October 8, 2025
Mixed effects logistic regression models require individual level data. Sometimes data needs to be on the population level and it can be aggregated into counts, for example, but this could also lead to loss of other information. Federated learning has emerged as a better solution to fit models using data from multiple hospitals without requiring sending individual level data. For generalized linear mixed models (GLMM), including logistic regression with random intercept, federated learning algorithms have been developed. These algorithms rely on strategies like distributed versions of the penalized quasi-likelihood method. Another approach which can further reduce need for iterative communication with data providers is a noniterative approach which accommodates both categorical and continuous covariates which is based on artificial data generation using a Gaussian copula. The authors have proposed their own noniterative method based on previous ideas by generated pseudo-data to match summary statistics of the original data and then allowing for estimation of logistic mixed models without requiring iterative communication. Their approach can also accommodate multiple covariates and it uses Gauss-Hermite quadrature (implemented in the R software) to estimate the likelihood of a GLMM which they feel is more accurate than using a penalized quasi-likelihood method.
A requirement of their strategy is that the data providers (i.e. hospitals) supply the data analyst with privacy-preserving summary statistics. Also it is assumed these were generated with no missing data. They refer to summary statistics that could be exact sufficient statistics or polynomial-approximate sufficient statistics. For polynomial approximation one can use the Taylor expansion and then can express the log-likelihood as a K-degree Taylor polynomial plus an error term. These polynomial-approximate sufficient statistics are the summary statistics expected from each data provider to proceed with model estimation and not having to disclosure individual level data. For a binary variable, one can follow the same formulas they showed by compute central moments by the Taylor polynomial expansion while with categorical predictors with more than two levels, one must convert them into dummy variables before computing central moments.
They then proposed generating pseudo-data from the polynomial-approximate sufficient statistics and then using these in place of actual data. They did not aim to reconstruct the actual data as they want to protect privacy but to still in a way mimic the actual data without giving away any identifiers. To match the summary statistics, they applied a concept of nonlinear least squares optimization with the goal being to minimize the sum of squared differences in the summary statistics between the pseudo-data and the actual data. They used the Levenberg-Marquardt method to solve this optimization problem. Their steps are essentially to generate binary pseudo-data for the response variable based on sample proportion of events and then for the predictor to generate pseudo-data as means for each based on summary statistics from the actual data. Their code to generate pseudo-data was developed in R via the lsqnonlin function from the package, pracma. In order to generate data for mixed-effects logistic regression this entails generating pseudo-data for the actual unavailable data through their summary statistics and this has to be done for every cluster or data provider.

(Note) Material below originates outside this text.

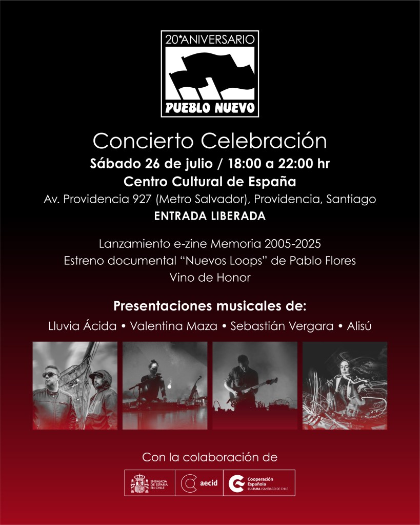 Desde las 18:00 hasta las 22:00 horas, el Centro Cultural de España (Av. Providencia 927, Metro Salvador) será escenario de la Celebración Pueblo Nuevo 20° Aniversario, una cita imperdible para la comunidad melómana y la escena independiente.

They ran simulations and used the glmer function from R to estimate multilevel logistic regression since it implements the Gauss-Hermite quadrature. They also assessed when there was variable omission, misspecified random effects distribution, and variable omission with large random effect variance. They found pseudo-data matching had differences matching up to the fourth moment and mimicking interval estimates derived from simulated data for larger covariates effects but only when the cluster size is small. The coverage for the pseudo-data was mostly fine for the first through fourth moments. Overall their results for the correctly specified models showed the pseudo-matching up to the 3rd moment achieved the most similar performance with the simulated data in terms of bias, coverage, and AIC values. In misspecified models, their method worked as well as in the correctly specified models scenarios except when the random effect term variance was significantly increased.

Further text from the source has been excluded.